Classify and mark data traffic to accurately prioritize and segregate it (by access category)
throughout the network.

•

Minimize the network delay and jitter for latency sensitive traffic.

•

Ensure high priority traffic has a better likelihood of delivery in the event of network
congestion.

•

Prevent the ineffective utilization of access points degrading session quality by configuring
admission control mechanisms within each radio QoS policy.

Within a Brocade wireless network, wireless clients supporting low and high priority traffic contend
with one another for data resources. The IEEE 802.11e amendment has defined Enhanced
Distributed Channel Access (EDCA) mechanisms stating high priority traffic can access the network
sooner then lower priority traffic. The EDCA defines four traffic classes (or access categories); voice
(highest), video (next highest), best effort and background (lowest).The EDCA has defined a time
interval for each traffic class, known as the Transmit Opportunity (TXOP). The TXOP prevents traffic
of a higher priority from completely dominating the wireless medium, thus ensuring lower priority
traffic is still supported by connected radios.

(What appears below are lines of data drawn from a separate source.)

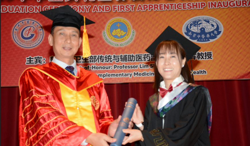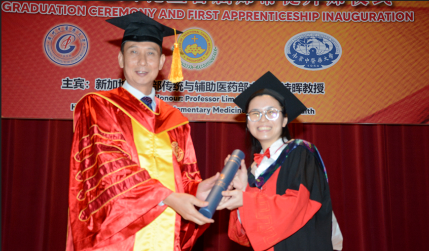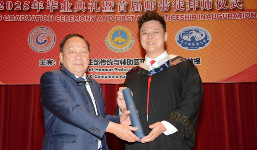 在这次2025年毕业典礼上还首次举办中医“师带徒”拜师仪式,仪式上学生通过拜师帖、献花和行礼,表达对导师的尊敬,并立下学习与传承的誓言。这次的“师带徒”拜师仪式的举行,是学院在新加坡首次推行师承的教育模式,目的是遵循“因材施教”原则,遴选具备潜力的学生,由资深中医师一对一指导,传授临床与学术经验。 鼓励学子在继承的基础上不断创新,推动中医在现代社会的应用。 随着首届“师带徒”项目的启动,被视为学院推动中医教育与临床并重的新起点。学院也重申将继续秉持“慎勇端勤”的校训,培养具备专业素养的新一代中医人才。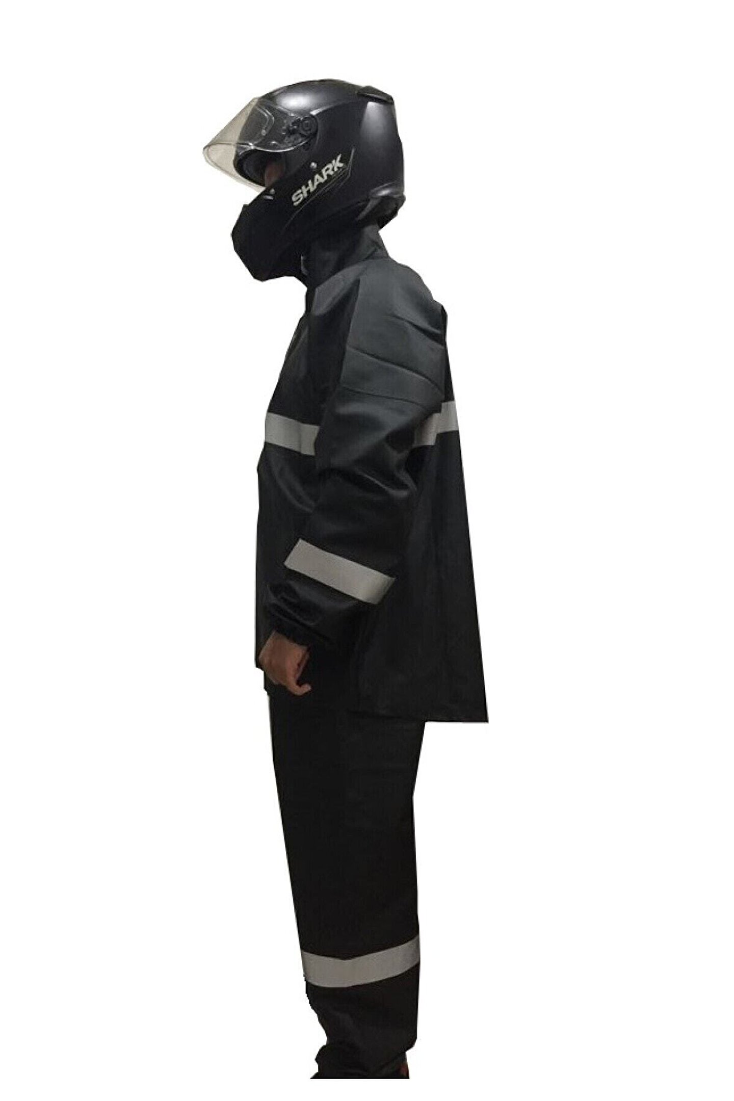 %100 su geçirmez garantili .2 parça olarak takımdır. Pantolon beli ve paçası lastiklidir .Göğüs ve Kolda 2.5 cm reflektör . Kol gizli lastik . Yağmurluk kapşonsuz , fermuarlı ve çıtçıt patlıdır . ürün kumaşı PVC olup ; 50 ~ 55 micron kalınlığında 600~650 gr metretül ağırlığındadır . Yağmurluk frekans yapıştırmalıdır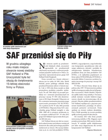 Temat SAF Holland Przecięcie wstęgi nowo oddanego obiektu W siedzibie spółki zlokalizowana jest także stacja diagnostyczna SAF przeniósł się do Piły W grudniu ubiegłego roku miało miejsce otwarcie nowej siedziby SAF Holland w Pile. Uroczystość była też okazją do świętowania 15-letniej obecności firmy w Polsce. W kierownictwie polskiej spółki od samego początku obecny był gospodarz uroczystości, Marek Modrak N a otwarciu zjawili się przedstawiciele lokalnych władz, uroczystość zgromadziła też przedstawicieli całej branży naczepowej z czołowymi producentami pojazdów użytkowych w Polsce. Zarząd firmy reprezentował prezes grupy SAF Holland Detlef Borghardt. Firma wywodzi się z branży rolniczej i obecna jest na rynku od 1881 roku. Marek Modrak, prezes polskiego oddziału firmy, przedstawił kamienie milowe w historii marki. I tak w 1950 roku firma zaczęła na skalę przemysłową produkcję pojazdów użytkowych. Na rok 1964 datuje się początek produkcji osi i zawieszeń pneumatycznych do przyczep i naczep. W 1991 roku skonstruowano oś SK (Super Kompakt). Połączenie osi SK z systemem zawieszenia pneumatycznego zaowocowało powstaniem SAF SK-INTRAAX w połowie lat 90. W roku 2002 powstała oś INTEGRAL. Połączenie firmy SAF z amerykańską grupą Holland nastąpiło w roku 2006. 2008 rok to przejęcie producenta m. in. zaczepów siodłowych GF+. W roku 2012 grupa SAF Holland wypracowała obroty prawie 860 mln euro. SAF Holland obecny jest dziś na wszystkich rynkach świata i jest jednym z wiodących dostawców dla rynku pierwotnego pojazdów użytkowych na świecie. Dla naczep dedykowane są m. in. osie linii produktów INTRA, MODUL, nogi podporowe, czopy królewskie oraz komponenty specjalistyczne takie jak: rampy załadowcze, zderzaki i produkty do zabezpieczenia ładunków. Sztandarowym produktem firmy jest linia produktów SAF INTRA, a do najbardziej popularnych osi firmy należy INTRADISK plus INTEGRAL z niezwykle lekkim 9-tonowym zaciskiem hamulca tarczowego do przyczep i naczep SAF SBS2220 H0. W Polsce obecność firmy datuje się na połowę roku 1997. W kierownictwie polskiej spółki od samego początku obecny był gospodarz uroczystości, Marek Modrak. Poprzednio spółka miała swoją siedzibę w Trzciance, jednak tamtejsze warunki lokalowo-magazynowe okazały się niewystarczające dla jej potrzeb. Obecnie polskie przedstawicielstwo SAF Holland współpracuje z pięcioma partnerami handlowymi, posiadając 26 autoryzowanych partnerów serwisowych. Firma opiekuje się również rynkiem ukraińskim. Dziś z Polski sprzedaje się rocznie produkty spółki na kwotę ponad 40 mln złotych. Od września 2013 roku firma posiada nowoczesną siedzibę w Pile. Magazyn części posiada powierzchnię 3000 metrów kwadratowych. W siedzibie spółki zlokalizowana jest także stacja diagnostyczna dla serwisu komponentów SAF Holland. Zbigniew Witamborski 33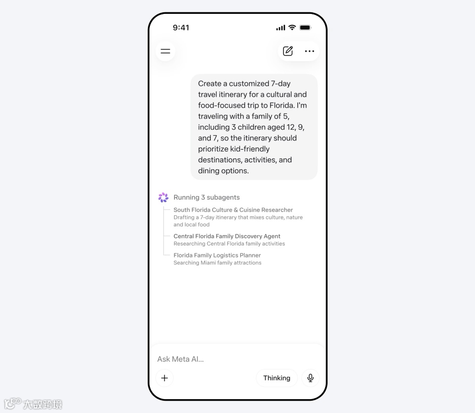 只需输入「帮我规划一个5口之家去佛罗里达的7天文化美食行程,3个孩子分别12、9、7岁」,Muse Spark就会同时派出三个子Agent,一个规划美食文化路线,一个搜索亲子活动,一个协调物流和住宿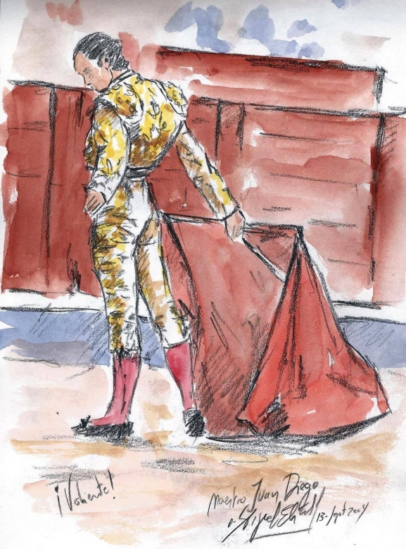 En su mirada resbala la ternura de un lejano sol de primavera. En el coso, todo se llena de aire rojizo hasta sentir una especie de orfandad, esa nostalgia que sostiene en sus alas los recuerdos de tantas miradas, de tanto sentimiento y belleza, la misma que se percibe al contemplar este hermoso dibujo de Miguel Elías.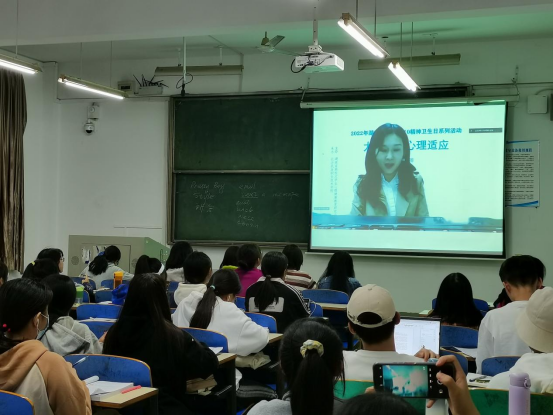 为响应国家号召,积极推进“健康中国行动”之“心理健康促进行动”,推广心理健康教育知识与活动,促进大学生心理健康素质提升,关爱新生心理状况。在437必赢会员中心校心理部的组织下,10月11日晚19:00,外国语学院朋辈心理互助部组织新生在437必赢会员中心金盆岭校区六教201、202、203、204、303教室集中观看了成长大讲堂第一场讲座《大学生心理适应》。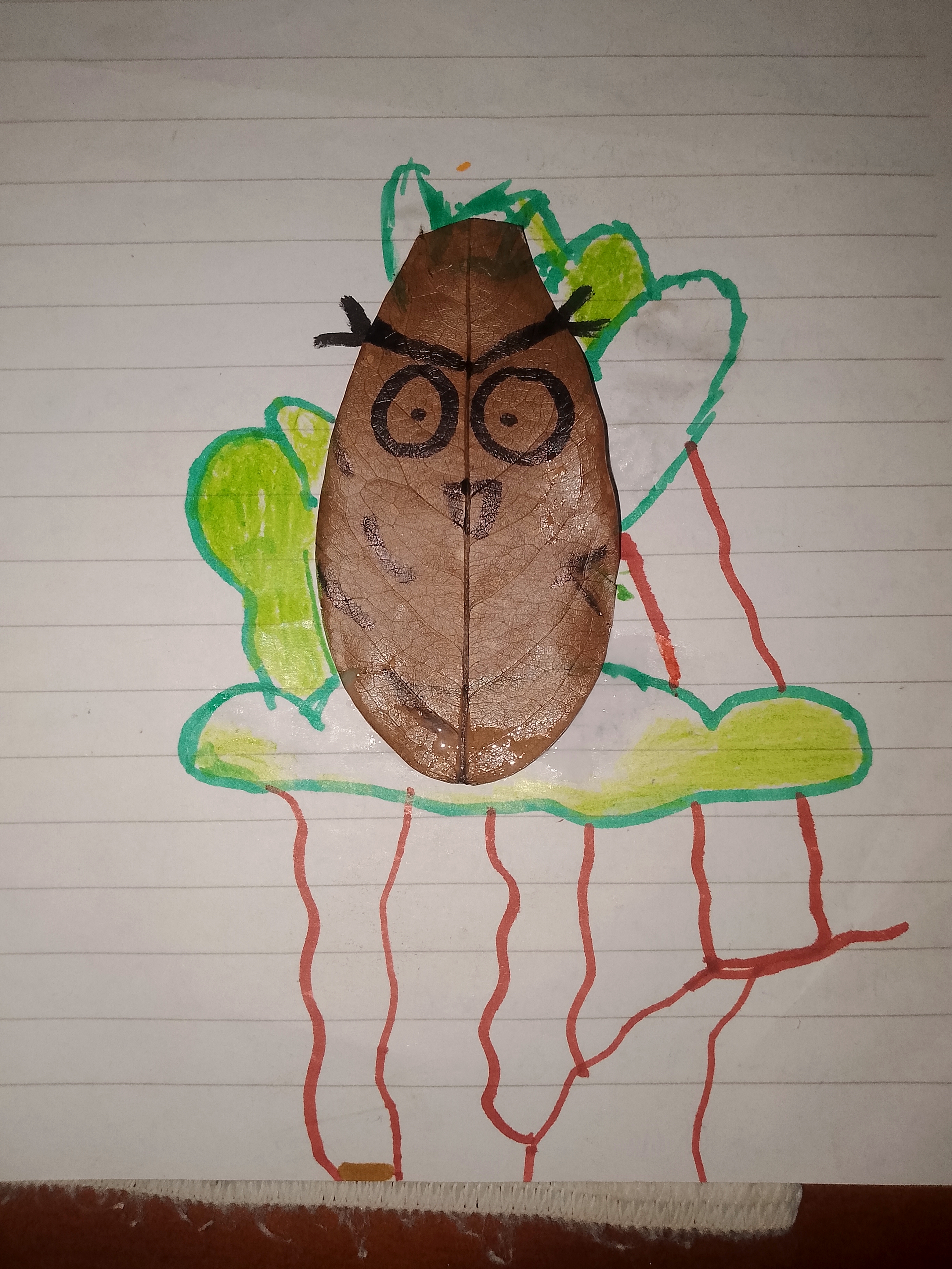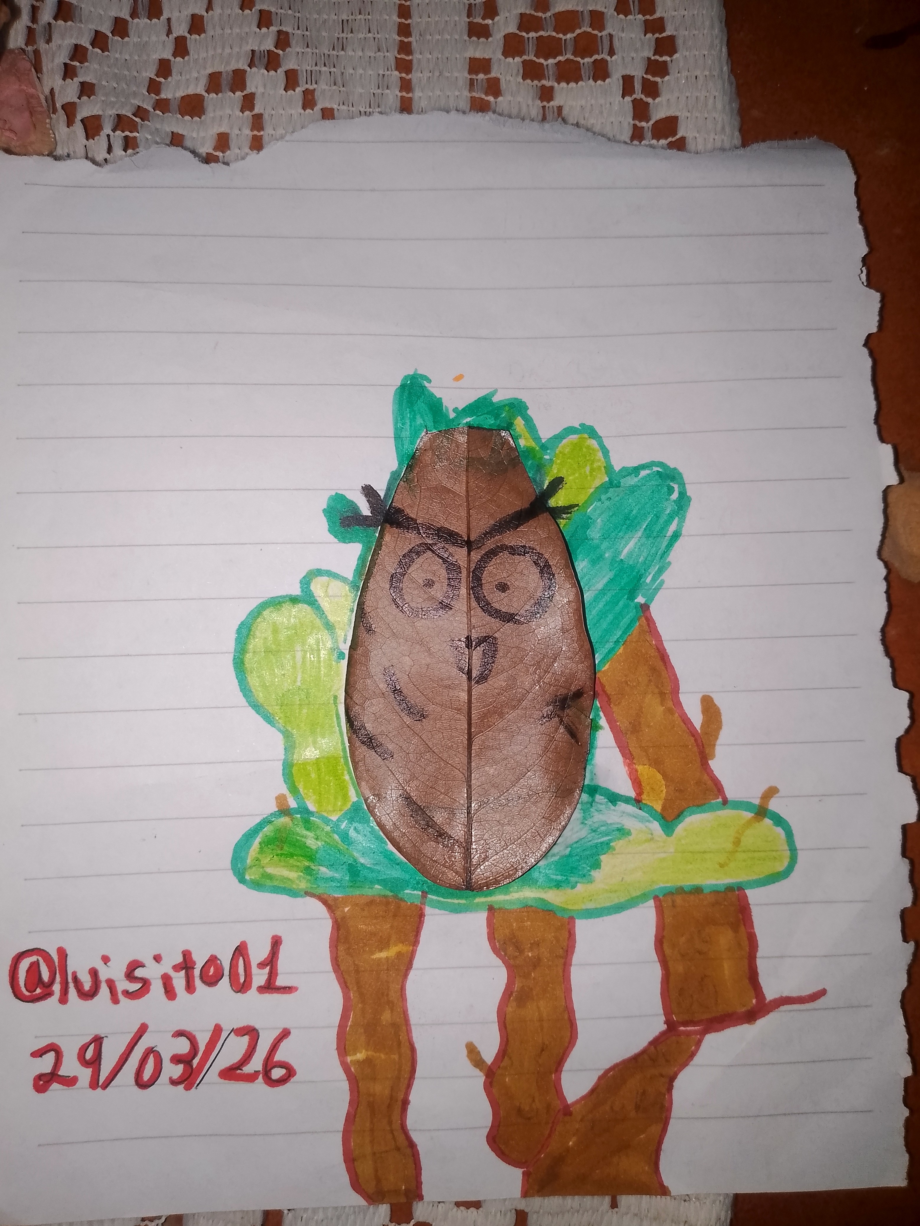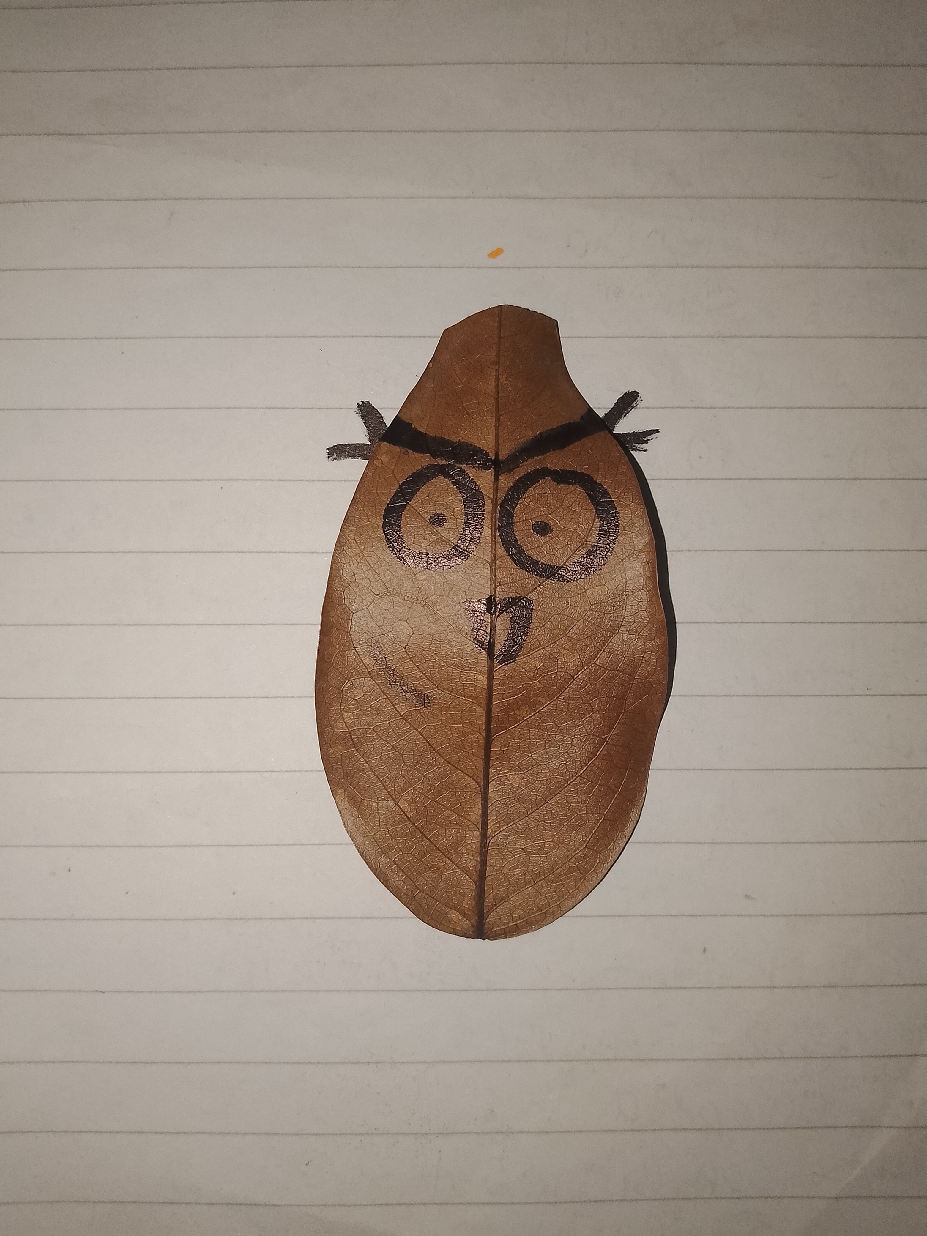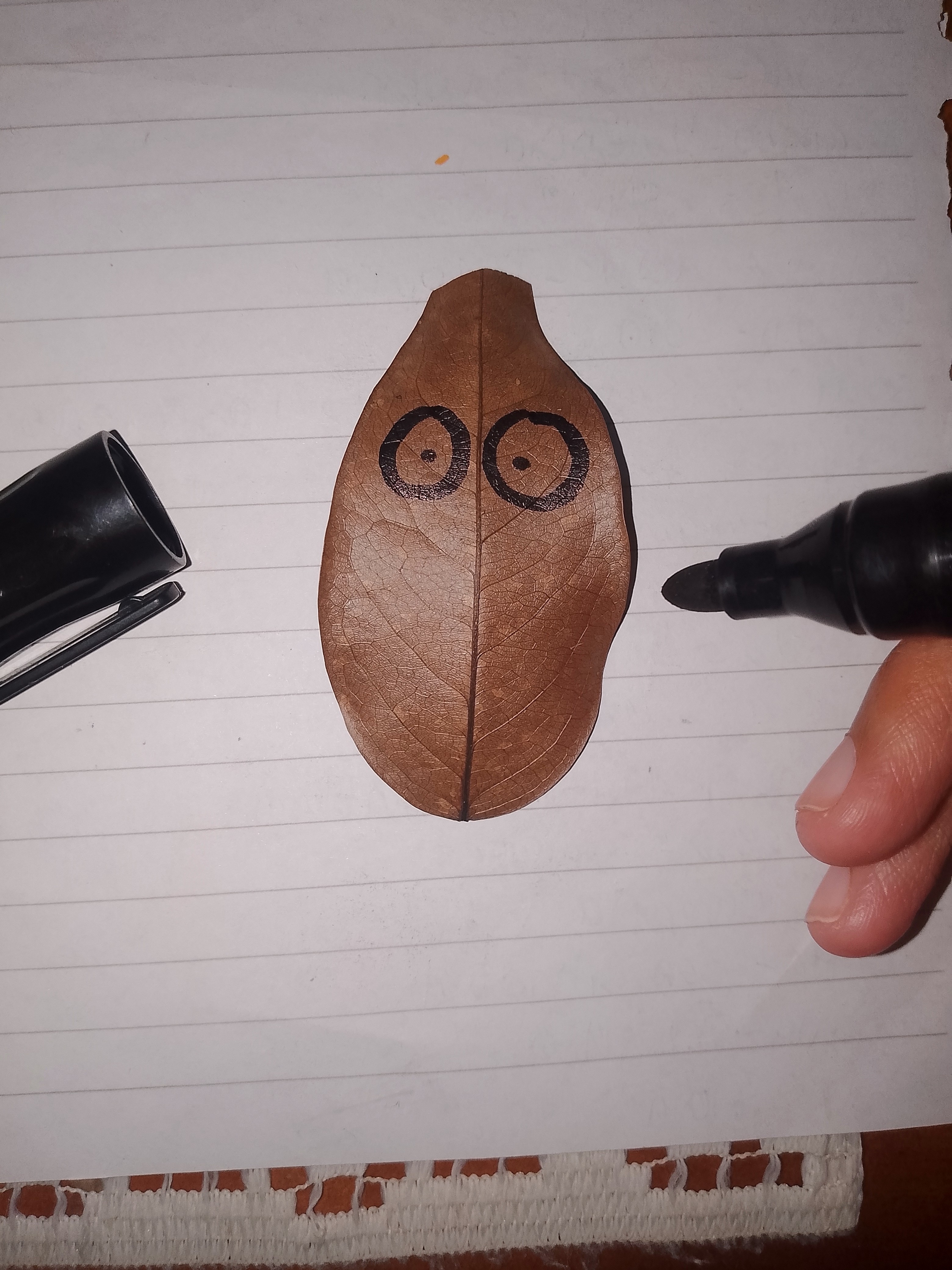- Agarré una hoja seca que ya estaba tirada; de hecho, había bastantes hojas, pero vi una y me dio una idea muy grande; era una hoja de forma algo particular, como la de un búho, así que no lo dudé y la agarré para luego dibujarle unos grandes ojos con marcador negro.

IEEE 802.11e includes an advanced power saving technique called Unscheduled Automatic Power
Save Delivery (U-APSD) that provides a mechanism for wireless clients to retrieve packets buffered
by an access point. U-APSD reduces the amount of signaling frames sent from a client to retrieve
buffered data from an access point. U-APSD also allows access points to deliver buffered data
frames as bursts, without backing-off between data frames. These improvements are useful for
voice clients, as they improve battery life and call quality.

The Wi-Fi alliance has created Wireless Multimedia (WMM) and WMM Power Save (WMM-PS)
certification programs to ensure interoperability between 802.11e WLAN infrastructure
implementations and wireless clients. An access point managed wireless network supports both
WMM and WMM-Power Save techniques. WMM and WMM-PS (U-APSD) are enabled by default in
each WLAN profile.

Enabling WMM support on a WLAN just advertises the WLAN’s WMM capability and radio
configuration to wireless clients. The wireless clients must be also able to support WMM and use
the values correctly while accessing WLAN to benefit.

WMM includes advanced parameters (CWMin, CWMax, AIFSN and TXOP) specifying back-off
duration and inter-frame spacing when accessing the network. These parameters are relevant to
both connected access point radios and their wireless clients. Parameters impacting access point
transmissions to their clients are controlled using per radio WMM settings, while parameters used
by wireless clients are controlled by a WLAN’s WMM settings.

Access points support static QoS mechanisms per WLAN to provide prioritization of WLAN traffic
when legacy (non WMM) clients are deployed. An access point allows flexible WLAN mapping with a
static WMM access control value. When enabled on a WLAN, traffic forwarded from to a client is
prioritized and forwarded based on the WLAN’s WMM access control setting.

NOTE

Statically setting a WLAN WMM access category value only prioritizes traffic to the client.